Она толкнула створку двери.
– …нет, уверяю вас, Оливье, – продолжала она, – встреча не доставила мне никакого удовольствия. Ведь все уже в прошлом… И очень жаль, если у вас возникла хоть тень сомнения…
Машинально она стала раздеваться. И вновь перед ее мысленным взором возникла фигура Симона, легонько подталкивающего ее к дверям; она чувствовала его руку у себя на плече, и у нее защемило сердце.
– Как я могу вас в чем-либо подозревать? – сказал Оливье, продолжая приглаживать волосы и стараясь сохранить спокойствие. – У меня нет для этого ни права, ни основания… Скорее уж вы можете сердиться на меня. Я прекрасно понимаю, что наш брак утратил всякий смысл; я невольно порчу вам жизнь. Снова повторяю: постараюсь не слишком долго стоять у вас на пути… Но что же делать – как это ни печально, а я все же чувствую себя хорошо.
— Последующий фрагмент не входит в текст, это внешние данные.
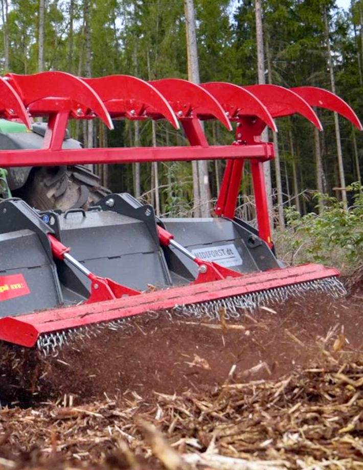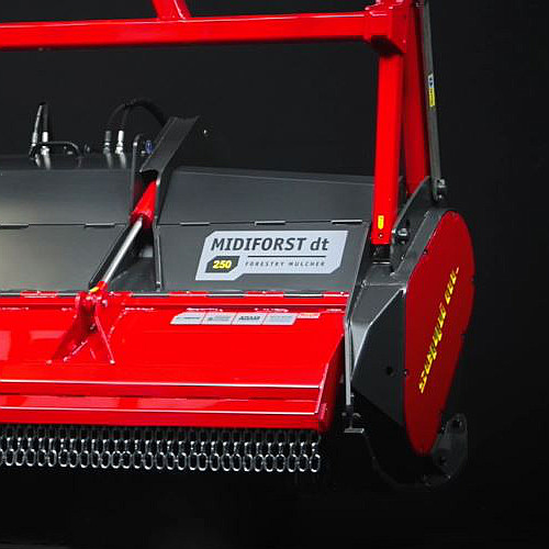 Компактный лесохозяйственный мульчер MIDIFORST dt приводится в движение с обеих сторон и измельчает древесину диаметром до 30 см. Благодаря прочной конструкции и фиксированным молоткам он идеально подходит для использования в лесу. Ротор HELIX с инструментами из карбида вольфрама, в зависимости от применения MINI DUO с двумя вставками или MONO TIP V-LOCK, обеспечивает максимальную эффективность. Простая замена инструмента сводит к минимуму время простоя. Мульчер также доступен для переднего крепления, а прижимное устройство доступно в нескольких версиях в зависимости от требований.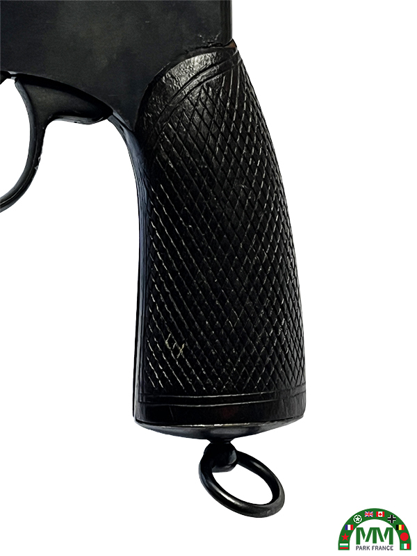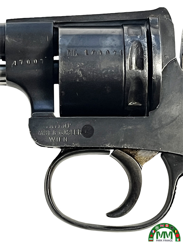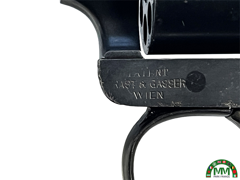 Revolver militaire autrichien à carcasse massive, doté d’un barillet fixe à huit chambres et d’une tige d’éjection latérale. La carcasse porte le marquage du fabricant « Rast & Gasser – Wien ». La poignée est munie d’un anneau de dragonne, caractéristique des armes réglementaires.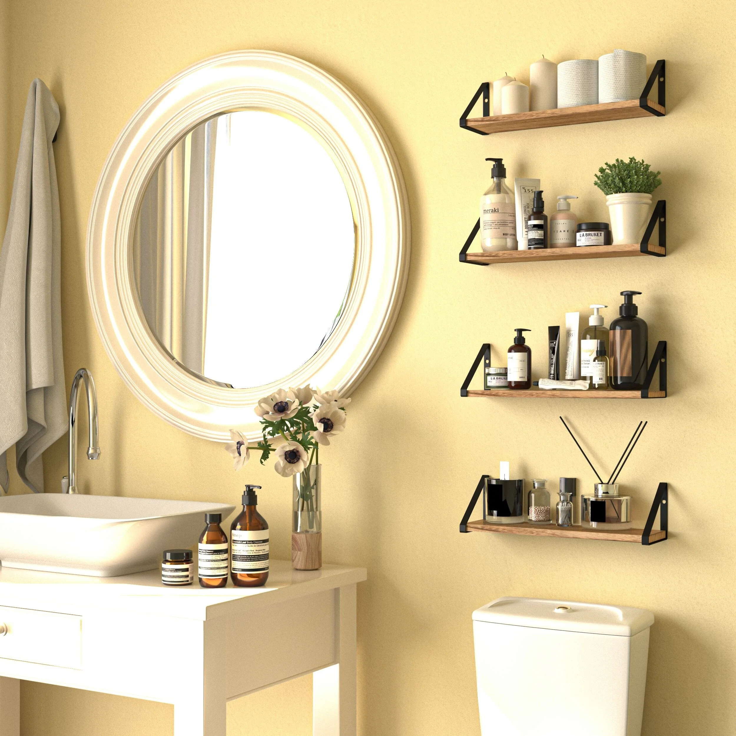 - Multi-purpose hanging shelves for wall display in any room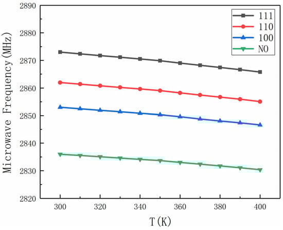 Here, at room temperature, βT is equal to −74 kHz/K [10], where ΔT represents the temperature change. However, the projection of the magnetic field on different NV axes is different; therefore, the frequency shift caused by temperature variation will also be theoretically different. The relative sensitivity is Δ f / f Δ T = 74   ppm / K , calculated from β T = 74   KHz / K and f = 2.87   GHz .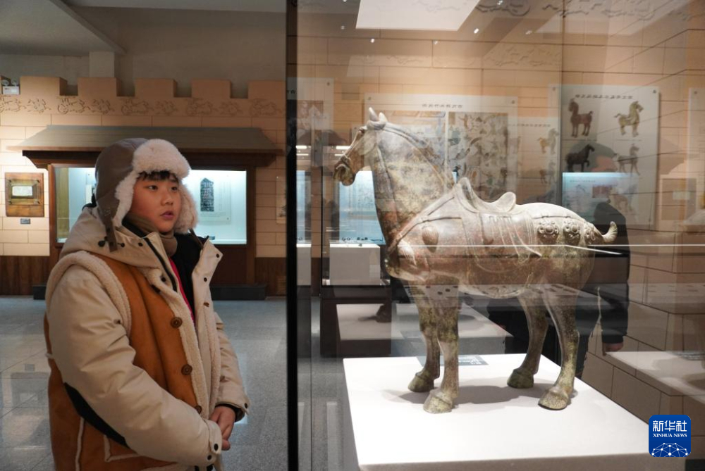 1月21日,在甘肅省敦煌市,參加研學(xué)活動的學(xué)生參觀陽關(guān)博物館。新華社記者 馬希平 攝

Он обернулся. Она стояла совершенно голая.
– О, простите! – воскликнул он, краснея.
И торопливо повернулся лицом к стене.
– Что вы, что вы, это я виновата, – невольно рассмеявшись, сказала Изабелла. – Я увлеклась разговором и не обратила внимания… И потом, говоря по правде, какое это имеет значение для наших отношений, Оливье?..
Она надела ночную рубашку.
– Я только одного хочу, – продолжала она, – чтобы вы никогда больше не повторяли тех глупостей, какие я только что слышала. Мне это больно…
Оливье с благодарностью посмотрел на нее.
– Вы хотите утешить меня… А может быть, я и в самом деле не очень вам в тягость? – спросил он.
Оливье был такой опрятный и холеный, от него приятно пахло туалетной водой и зубным эликсиром; взгляд у него был нежный, а лицом, что бы ни говорили, он все-таки походил на Орлеанов. Изабелла уже так привыкла к нему, ее трогала постоянно проявляемая им предупредительность.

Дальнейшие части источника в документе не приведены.